Ich hab's 2 Mal geändert (beim Schreiben und danach),, aber aus "zur Verfügung stellte" wurde "auf dem Dienstherrinnen". Also: Es soll natürlich ersteres bedeuten. Er hatte technisches Equipment, welches vorhanden war, gratis für die Firma eingesetzt, da ihm ja eine Hälfte des Unternehmens gehörte.
Alles Mumpits - wem was gehört oder was wo eingebracht hat ist im Urheberrecht sowas von irrelevant - einzig alleine entscheidend ist, wer hat welche persönliche geistige Schöpfung erbracht... Ok, er hat Regie geführt - und auf welcher Grundlage? ich nehme mal an auf Grundlage deines Drehbuches - ich sehe ihn immer noch als Erfüllungsgehilfen!
einzig alleine entscheidend ist, wer hat welche persönliche geistige Schöpfung erbracht.
Diese Auffassung wird in der Judikatur gerade nicht vertreten, vielmehr auf eine wertende Gesamtschau der Umstände abgestellt, unter denen das Filmwerk hergestellt wurde. Vgl. pars pro toto: OLG Köln vom 10.12.2010, Az.: 6 U 92/10. Auch im Schrifttum ist nach h.M. diese Gesamtschau erforderlich. Vgl. pars pro toto: Jan Bernd Nordemann, in: Fromm/Nordemann, UrhG, 10. Aufl., § 94 Rdn. 12: Wer Filmhersteller ist, bestimmt sich nicht danach, wer einen künstlerisch-schöpferischen Beitrag zur Herstellung des Films geleistet hat, sondern wer das unternehmerische Risiko für die Filmherstellung trägt.
Selbst verständlich ist ein Kameramann (auch Director of Photography (DoP) oder auch Kinematograph) Miturheber an einem Filmwerk. Siehe hierzu das Berufsbild:
So wie er schreibt, hast Du nur das Nutzungsrecht für die Drehtage, was immer das auch bedeutet... Ihr solltet das abklären bevor der Film erscheint. Schau mal hier rein...
http://www.gesetze-im-internet.de/urhg/__31.html
LG Funnyhanni
Der Urheber ist die Firma - und die hat die Rechte. Der ehemalige Gesellschafter wird wie ein angestellter Programmierer behandelt.
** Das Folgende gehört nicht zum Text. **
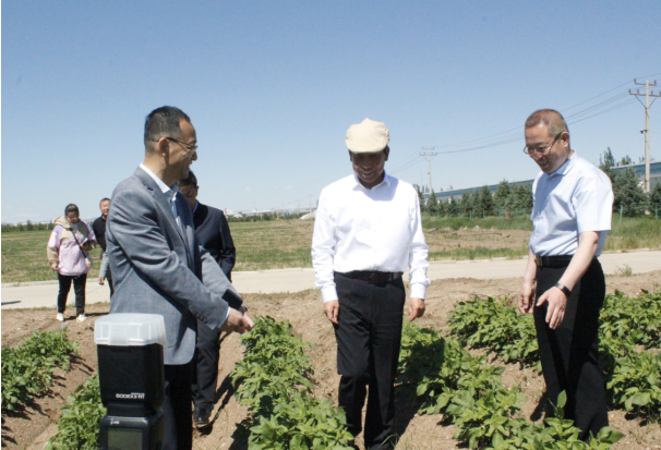 在試驗田前,冀福善向段志強一行介紹,公司為科學種植,合理輪茬,從2015年開始進入燕麥產業,實施“馬鈴薯+燕麥”雙輪驅動發展戰略,在察右中旗成立子公司——內蒙古陰山優麥食品有限公司。目前,陰山優麥已完成投資2.4億元,年產2萬噸燕麥香米、2萬噸燕麥片、2000萬支燕麥杯、6000噸燕麥粉(莜面)和2萬噸藜麥米加工生產線已建成并投入使用,陰山優麥是“自治區農業產業化重點龍頭企業”、“自治區扶貧龍頭企業”。同時,公司依托自身在加工薯種植管理技術、產品質量、倉儲能力等方面的優勢,于2019年初在察右中旗成立子公司——內蒙古蒙薯食品科技有限公司,計劃投資1.5億元,建設“年產8000噸低溫油炸薯條及2000噸果蔬脆片加工項目”,全力打造烏蘭察布市地標性產品,創建全國大的低溫油炸薯條、果蔬脆片深加工企業,已于今年投產。

Er hat für die Firma gearbeitet.
Ihm gehörte die Firma zur Hälfte.
Man weiß trotzdem nicht so genau, wie sich das mit diesen Nutzungs- und Urheberrechten verhält und was danach kommen kann...Mach Dich besser mal bei einem Anwalt schlau, damit nix schiefgeht.
Kleines PS zu meiner obigen Antwort:
Leider geht aus der hier gestellten Frage nichts über die Modalitäten hervor, die die Finanzierung der fraglichen Filmherstellung und die unternehmerischen Risiken (z.B.: Kostenrisiko, Fertigstellungsrisiko, Abnahmerisiko u.a.) bzw. die Risikoverteilung betreffen.
Da aber gerade diese wirtschaftlichen Kriterien entscheidend dafür sind, wer hier als Filmhersteller anzusehen ist, lässt sich deine Ausgangsfrage ohne nähere Kenntnis der Einzelumstände nicht verlässlich beantworten.